Нина Николаевна Халикова

Вместо предисловия

Одна известная героиня романа Франсуазы Саган говорила: всеми человеческими поступками движут два чувства – любовь и одиночество. И «Северная Федра» именно об этом. Уставшая от сытой рафинированной жизни актриса Инга влюбляется в своего пасынка Ипполита – юного музыкального гения. Он, как чистое вдумчивое существо, не смеющее ответить взаимностью, оставляет героиню в расстроенных чувствах – в одиночестве. Душный мир роскоши и глянца, где существует главная героиня, – это мир без истории, без прошлого, где всегда есть только настоящее, и только за деньги. Любовь выбивает Ингу из капиталистического безвременья: ее страсть связывает ее судьбу с двумя женщинами из прошлого – дочерью древнегреческого царя Федрой и урманской княжной Эфандой. С этой встречи и начинается подлинная история проживания любви главной героиней…

Любить и обладать – вот наш девиз сегодня. В мире «Северной Федры» любовь – это то, что переносит вас из мира профанного, будничного в мир сакральный, в мир тонких эмоций и чувств. Вжиться в историю женских трагических судеб прошлого, начать снова замечать красоту природы, ощущать мягкость земли и вкус хлеба… Эта книга – как окно в подлинную реальность, о которой мы совсем забыли. И неважно, наблюдаем ли мы жизнь сквозь окно комфортабельного автомобиля класса люкс, как главная героиня, или сквозь запотевшее окно маршрутки, как ее домработница. Мы рискуем всю жизнь провести в состоянии сна по отношению к реальности, если сами не найдем повод проснуться.

Екатерина Наумова

доктор философских наук

Северная Федра

К вечеру небо зарычало как прогневанный, разъяренный зверь, предвещая грозу. Вот-вот долгожданный шум тяжелых дождевых капель обрушится на запыленную летнюю листву, на разогретые крыши и автомобильные капоты, но пока воздух накален до предела.

В съемочном павильоне вовсю работал кондиционер, но все равно было довольно душно, стоял резкий запах пыли и теплого линолеума, и царила скука, а это уже было из рук вон плохо. Скучали все: и декораторы, и гримеры, и осветители, и костюмеры, и операторы, – скучал и сам режиссер Илья Горский. Все словно слегка недоумевали, будто не понимая толком, что они, собственно говоря, здесь делают.

– Господа, господа, прошу, не расслабляйтесь, мы еще не закончили! – громогласно, но не слишком строго напомнил всем режиссер, откинувшись на спинку стула. Однако его безобидные слова прозвучали как издевательство.



В свои неполные сорок лет Илья Горский был уже известен не только скверным характером, но и рядом приличных фильмов. Фильмы, действительно, были неглупые, из тех, что не стыдно показать пресыщенной образованной публике, а характер режиссера был и впрямь непрост. Илья Горский вел себя таким особым образом, имел такие странные манеры, что производил на окружающих нередко двоякое впечатление: то его принимали за элегантного эстета, а порою он вполне мог показаться воплощением грубой мужской силы и даже невежества. Зато он никогда не позволял себе критиковать отсутствующих, что в артистической среде было редкостью.

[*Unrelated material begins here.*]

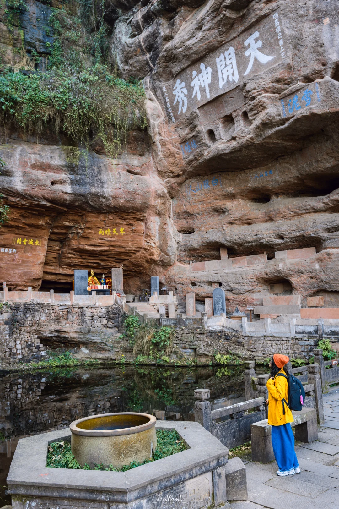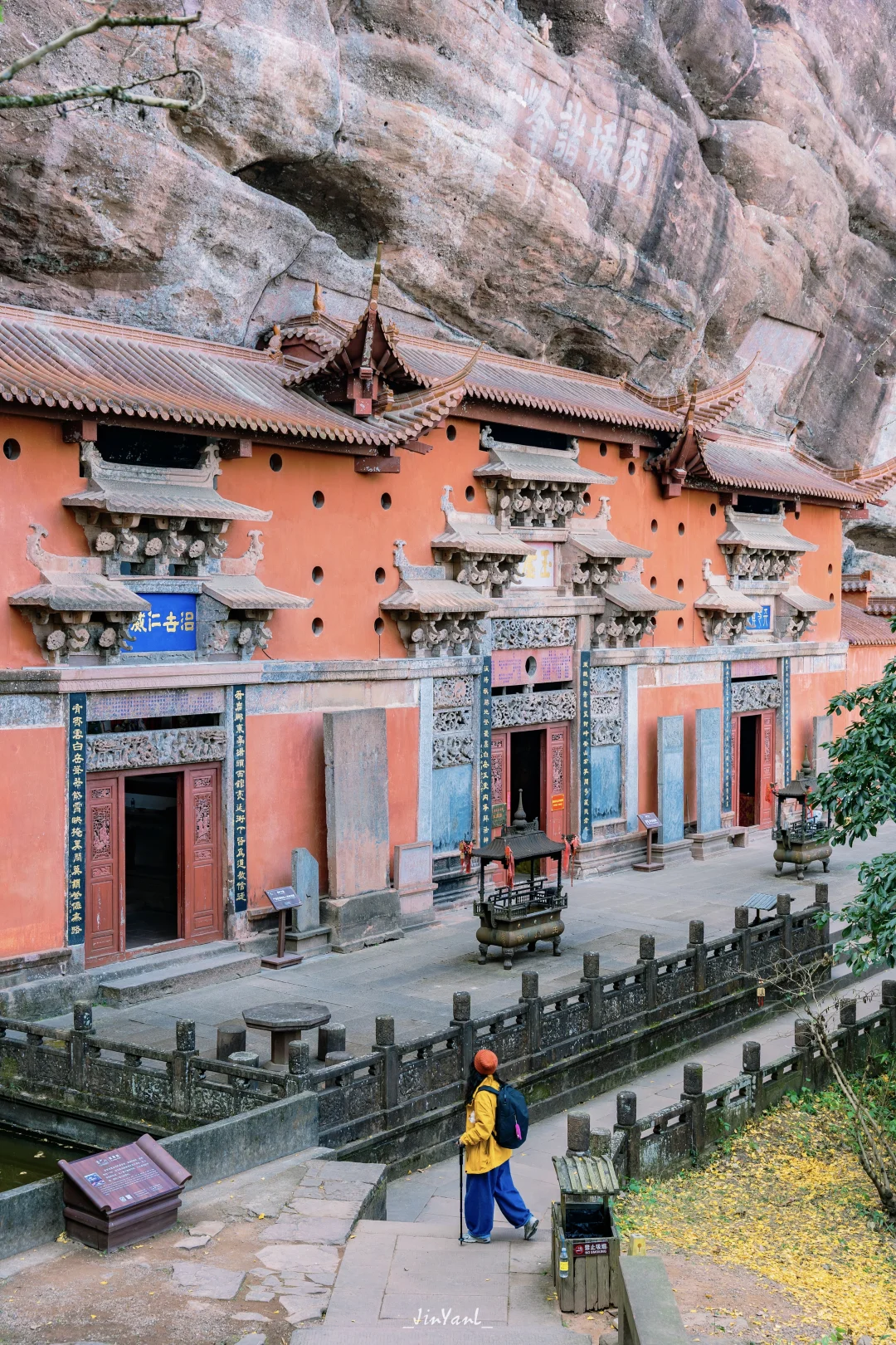 ▪️玉虚宫:红墙半嵌赤岩,如天地将这道观轻轻按进山体。唐伯虎唯1️⃣存世的碑文《紫霄宫玄帝碑铭》,字里行间全是历史厚重感

Многие актеры жаловались на его эксцентрические выходки, оскорбительные замечания, на дикую необузданность во время съемок, но, когда съемки заканчивались, они с изумлением и грустной тоской мечтали вновь сниматься у него. Илья Горский был своевольный, темпераментный, далекий от политики холостяк, высоченный, с умными, широко поставленными глазами и очками в золотой оправе, сдвинутыми на высокий лоб. Этот человек умел настоять на своем, молодежь не развращал, к красивым женщинам был равнодушен, впрочем, к мужчинам тоже. В свет выходил крайне редко и в самой неожиданной компании, поэтому про его личную жизнь всегда ходили самые разнообразные слухи и слушки, по большей части не имеющие отношения к реальности. Горский и здесь производил парадоксально-двоякое впечатление: одинокого казановы и распутного однолюба. И никак не наоборот. По крайней мере, так могло показаться со стороны.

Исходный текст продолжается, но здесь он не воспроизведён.